Vegan Spicy Miso Ramen
Vegan Spicy Miso Ramen Recipe
Try this ramen noodle dish with ginger to aid digestion, miso to provide probiotics, and a touch of spice to keep you warm through the cooler seasons.
Spicy Miso Ramen Ingredients:
Dried ramen noodles
1 tbsp of sesame oil or coconut oil
3 tbsp of Tamari
1/2 an onion, sliced
2 garlic cloves, minced
1 knob of ginger, minced
3 carrots, diced (about 1 cup)
1 container of mushrooms, sliced
1 tsp of coconut sugar or maple syrup
1 tsp of veggie bouillon or 1 cup of veggie broth
1/2 tsp of dried red chill flakes or chili oil
5 cups of water
1 tsp of toasted sesame oil
1/2 cup of cilantro, diced
1 tsp of white miso paste
1/3 cup of green onions, diced
1 block of extra firm tofu, baked into cubes
Spicy Miso Ramen Directions:
Warm a medium sized pot over medium heat and add in the sesame oil or coconut oil. Add in Tamari, sliced onion, garlic, ginger, carrots, mushrooms, coconut sugar, chili flakes, and bullion.
Stir to combine.
Begin pouring in 2-3 cups of water once veggies are cooking. Let the broth simmer on low for 30-45 minutes and add more water as necessary. We want a concentrated broth that we will add more water to.

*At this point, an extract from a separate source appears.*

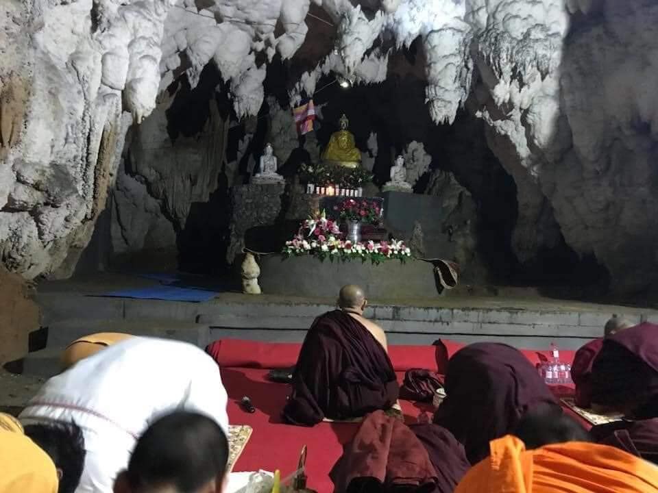 “บรรยากาศวันนี้ที่ถ้ำเมืองแก๊ด 31/7/2022 ทุกคนมารอรับครูบาบุญชุ่มออกจากถ้ำ ล้นหลามเต็มไปหมด และเห็นภาพครูบาท่านแต่ด้านหลัง กำลังนั่งสวดมนต์อยู่ ขอบคุณภาพจาก Owin Woh”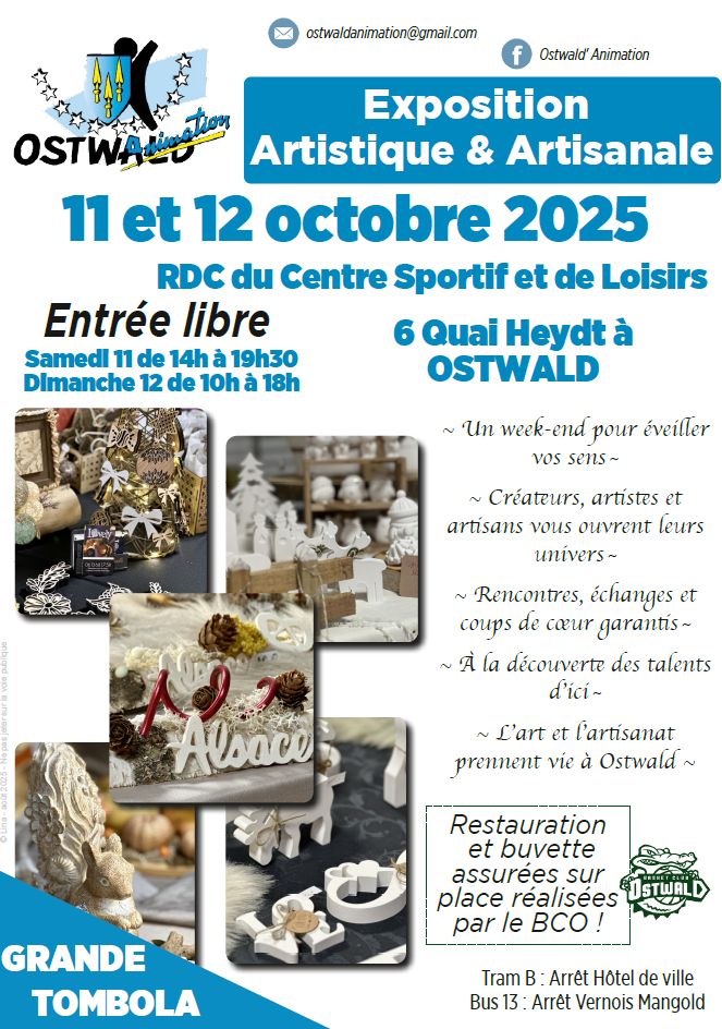 L’association Ostwald’Animation vous invite à rencontrer les exposant·e·s au rez-de-chaussée du Centre Sportif et de Loisirs :

Tofu: Pre heat oven to 375 degrees. Dice up extra firm tofu on a baking sheet lined with parchment paper and bake for 30 minutes turning half way through. Take out when golden brown on top.
Add remaining water to the broth and taste and adjust flavor. Add more chili flakes for heat, Tamari, etc,
Add in toasted sesame oil, chopped cilantro, and green onions.
Take out a 1/2 cup of broth in a separate bowl and mix in miso paste. Add the mixture back into the pot.
Keep on a low simmer until ready to serve.
Bring another small pot to a boil and add in dried ramen noodles to cook. (follow instructions on package)
Serve noddles in a bowl and label in ramen, top with tofu and extra fresh herbs, more chili flakes if desired.